= Women of the Moose =

Women's organization in the United States

The Women of the Moose are the female auxiliary of the Loyal Order of Moose. Like the rest of the Order, membership originally operated by racial discrimination and was historically open to only white women; it has since been integrated.

The WOTM works four degrees. The first is the Co-Worker and is considered necessary to be considered a full member. The other three are Academy of Friendship, College of Regents, and Star Recorder, and are based on merit. On formal occasions members wear Geneva gowns, reminiscent of those worn at college graduations and church choirs. Officers wear different colored stoles.

The Women of the Moose are headquartered in Mooseheart, Illinois.

== History ==

The WOTM originated as the Women of Mooseheart Legion in 1913. In the early years the group had little structure above the Chapter level. In 1926, Katherine Smith, the Director of Public Employment in the Department of Labor under James J. Davis, was appointed the first "Grand Chancellor" of the Women of the Moose.
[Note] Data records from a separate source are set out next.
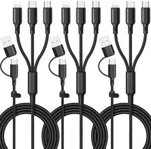 6 in 1 Multi Charging Cable [3Pack 4FT] Nylon Braided Multi Fast Charging Cord USB A/C to Phone USB C/Micro USB/i-P Connector Universal Multiple Phone Charger Cable for Cell Phones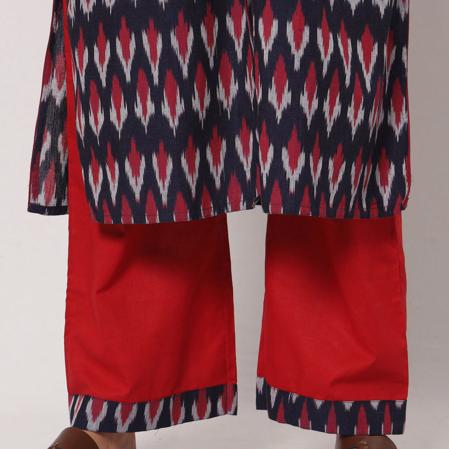 Look and feel beautiful in this uniquely designed pochampally ikat cotton side pocket long kurta with palazzo & dupatta set. This cotton suit makes you comfortable with ease all day long. This suit is perfect for your daily outing and for a special occasion. Ikat has lovely patterns in extremely beautiful colours. Ikat fabrics are world famous for their colours, texture and designs. This is a power-loom dress material, only hand tie-dye process has been involved.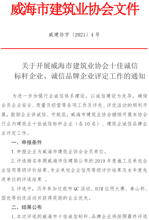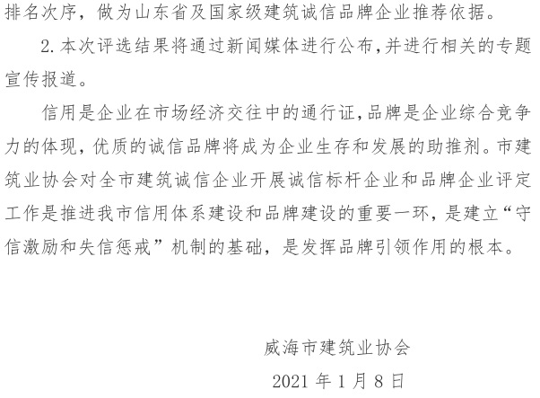 >關(guān)于開展威海市建筑業(yè)協(xié)會十佳誠信 標(biāo)桿企業(yè)、誠信品牌企業(yè)評定工作的通知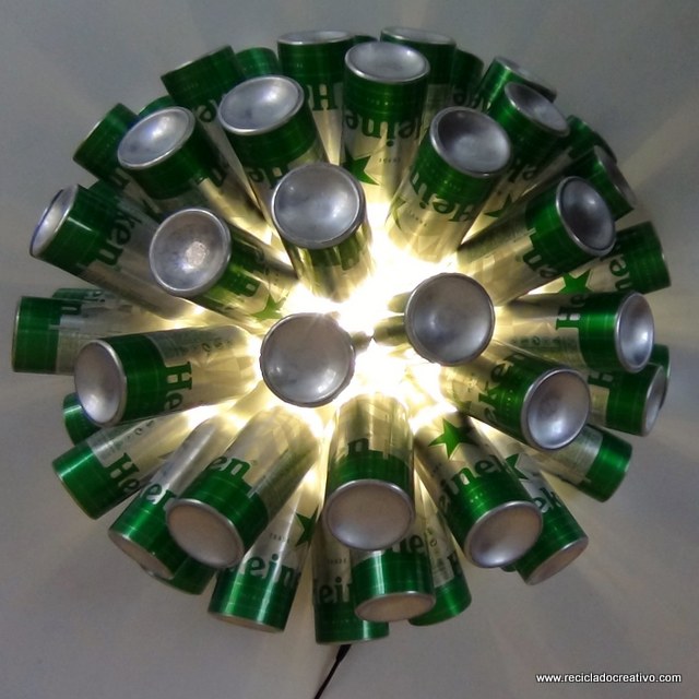 Lámpara realizada con 50 botellas de cerveza.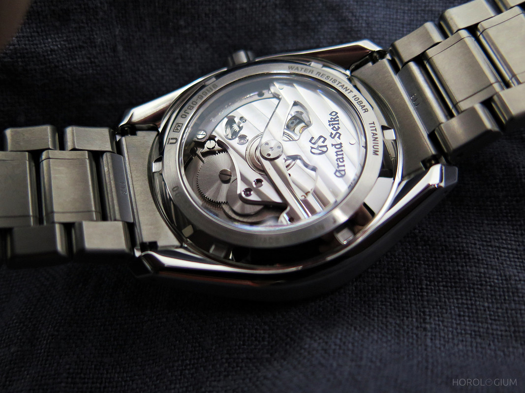 Size wise, the case is 41mm with a thickness of 13.9mm. Both the case and bracelet are made from high-intensity titanium which, according to Grand Seiko is approximately 30% lighter than stainless steel and brighter in colour in addition to the usual benefits of using titanium. They have a screw-down crown and a water resistance of 100m. The lugs have a bevelled edge.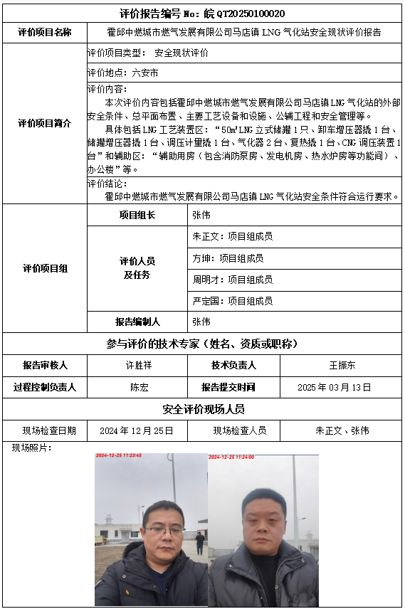 邱中燃城市燃氣發(fā)展有限公司馬店鎮(zhèn)LNG氣化站安全現狀評價報告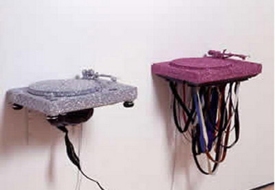 吉姆·兰比对音乐的钟情在他的作品中也有所体现。塑料唱片,DJ的打碟机,宣传海报等等,都成为其作品中随处可见的材料,而每一种材料都可以视为是作品的起点。原始的材料最终都被盖了起来:色彩鲜艳乙烯胶带布置的地板,闪闪发光的打碟器,裹着羊毛,颜料或者胶带的唱片套和海报等。这些熟悉的材料让作品的主题更加鲜明:它们简单的形状被吉姆·兰比精心的布置转变成了心理的空间。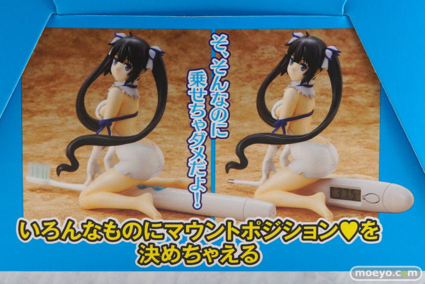 主人公ベル君の能力を計る際の“例のマウントポーズ”で立体化。このポーズだと丈の短い上着から絶対見えちゃう乙女の秘密はしっかりと枕でガードされているけれど、もちろん取り外しが可能!というか乗っかっているだけ!!ということはですよ、枕を外して違うものに乗せれば・・・そう!今回の開発コンセプトは≪いろんなものにマウントポジションを決められちゃうフィギュア≫なのです。その名も『マウントフィギュア』!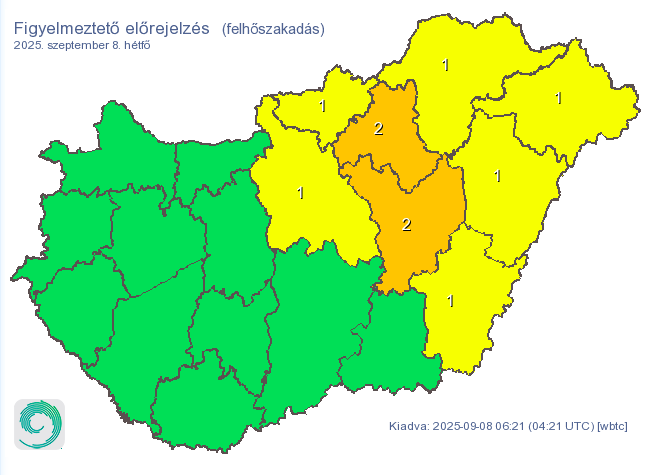"Ma a kora reggeli óráktól a déli órákig az Északi-középhegység térségében és az Észak-Alföldön fordulhatnak elő zivatarok intenzív csapadék (15-25 mm), lokálisan felhőszakadás (>25-30 mm), viharos széllökés (60-70 km/h) és apró szemű jég (< 1-2 cm) kíséretében" - kezdi veszélyjelzését a meteorológiai szolgálat.

Under her direction the WOM grew to 250,000 members by the time of her retirement in 1964.

Local units are called "Chapters." Officials on the state level are given "Grand" designations and on the national level "Supreme" designations, ergo, "Supreme Secretary," "Grand Secretary" etc. In 1979, there were 1,824 Chapters. Currently there are approximately 1,600 chapters in all 50 states and four Canadian provinces.

In 1979, there were 377,282 members. Today, there are more than 400,000.